August 10, 1934

Sigurd wrote this just after he and his family moved into a new home. A two-story cream-colored frame house on top of a hill just south of Ely, it was modest but pleasant, and its location at the edge of the country, next to wide-open fields and a wooded ravine, foretold innumerable family cross-country skiing trips in the years ahead. The home on Greenvalley Road (really a dead-end alley) would be Sigurd and Elizabeth's last. (Eventually, their property and the surrounding area would be incorporated into Ely, and their address would become 106 East Wilson Street.)

Last night strolling around the yard, a revelation of what I was to do came to me in no uncertain manner. for years, I have pondered as to what should be my ultimate sphere, what if I went into writing, what would be my medium, and then it came. I think what started it was talking to that party that went out in the afternoon, a man and his wife by the name of Glesener. When I saw the light in his eye, the joy that shown there at the prospect of taking another trip, the expectancy in his beautiful wife, I sensed something kindred with them all. I see it so often day after day, the joy of going and coming back. Last night watching the children play outside the warehouse, their clean trim little bodies, the joyous laughter, the play, healthy, happy, gorgeously happy little animals, I knew that I loved them all and their aspirations were close to me. I am beginnning to realize that after all the most important thing in life is human emotion, that if I get an understanding of that, my problem of what to do will be solved. For many years, I believed that I was out of sympathy with the race, that I wanted to be alone, that I did not like people. Now I know that it is different, that I do like people, that their aspirations are mine. What gave me despondency was the knowledge that my field was limited. Animal life, well and good, trees and scenery good also, but only worthwhile when used as a background for human activity.

This then is the most important thing that has happened to me since I started writing. There is no limit to this field and what is more, what made it difficult to sell my stuff was that it was lacking in human interest. I shall build up my understanding and though it will be a long row to hoe, still I feel that at last I am ono the right track.

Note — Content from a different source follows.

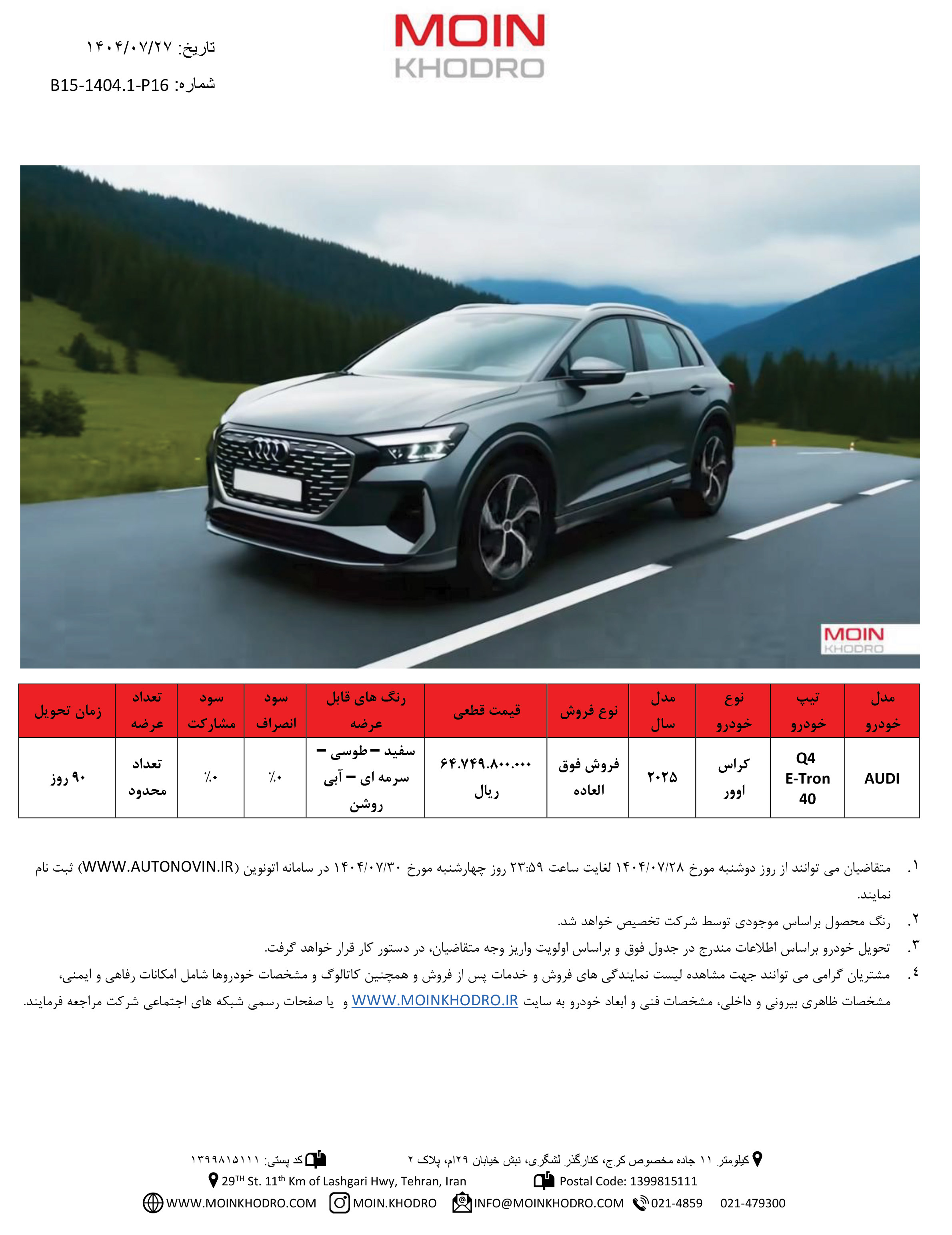 شرایط فروش معین خودرو ویژه متقاضیان ثبت نام آئودی Q4 وارداتی این شرکت، از روز دوشنبه مورخ 28 مهرماه 1404 مطابق جدول زیرف اعلام شده است:

I read Greta Garbo's story last night in Liberty and I see a great resemblance there with my own dreams. She too was a dreamer, different from the rest, aloof from the crowd and still of them. This winter, I am going to try and work up one good story, a story in which the interest is entirely human, of course with a woods setting, for that will always be my forte. That I know, but from now on, I will work in the human angle to the exclusion of all else. I feel that soon I will hit my stride and when that happens, I will be far too happy for any use. I have made something of a mark in the writing game, have at least had a taste of it, know enough about it to know the thrill of seeing my stuff come on. Have also had enough favorable criticism so that I know I have something.

I think Sydney's little visit perhaps helped me as much as anything to get down to earth and know where I was at. Thank you Sydney for coming. You have no idea how you have helped. And now I am surcharged with happiness. The world is again beautiful and lovely and no matter what I do, the fact that I know where I am going for the first time in my life is all that is necessary.

Samuel Scoville, Jr., Herbert R. Sass, Rutledge, all the rest, they have failed and they know it. They can write of the woods, but they have already died and who cares to read a woods story where the actors are limited. Think of the demand for the fictional short story, think of the unlimited material at your fron door, think of all you can do. Dad was right when he said that animal and outdoor stuff was all right but the most important thing was to work in the human side of things. He knew then what was wrong and I was still blind.

Now I know and this winter I will try and work out one good yarn for either the Atlantic Monthly or Harper's. If I can do that and get by with it, I will feel that everything else is O.K. I think of my year away and as I said to Sydney, I failed to find what I went after. I know now that it was a failure. I am not interested in scientific things and never will be. I am not a scientist, never want to work the the Forest Service, the Fish and Game, Biol Survery or any of the rest. That does not appeal to me, no matter how attractive. It is the human side of things that appeals only and it is there my field lies. I am rusty on technique that is true, but the important thing lies in knowing at last where I am heading. No matter what happens now, I will keep working ahead and sooner or later I will land. I haven't given up my dream. It will soon materialize and knowing that I am so happy that nothing can ever down me again.

All of these years, I have been trying to find out what it is all about. For a long time, I despaired of every finding out and those periods were fraught with despondency. If I land and make a go of things think how wonderful it will be. All of these years and the training I have had, has given me an understanding of life that I couldn't have gotten in any other way. It has not been wasted, that I know. I can go ahead now, with all of the knowledge at my disposal and I know success will come.

Up in the new house, we are all so happy. Now with this new knowledge, I can put up with my regular life and keep working always working away at something else. Eventually, I may be able to give up my teaching or the outfitting and put in my time writing. The thing to do now is to polish up your style, study character deliniation and a thousand and one other things. Nothing matters, however, so much as having found out that I am on the road.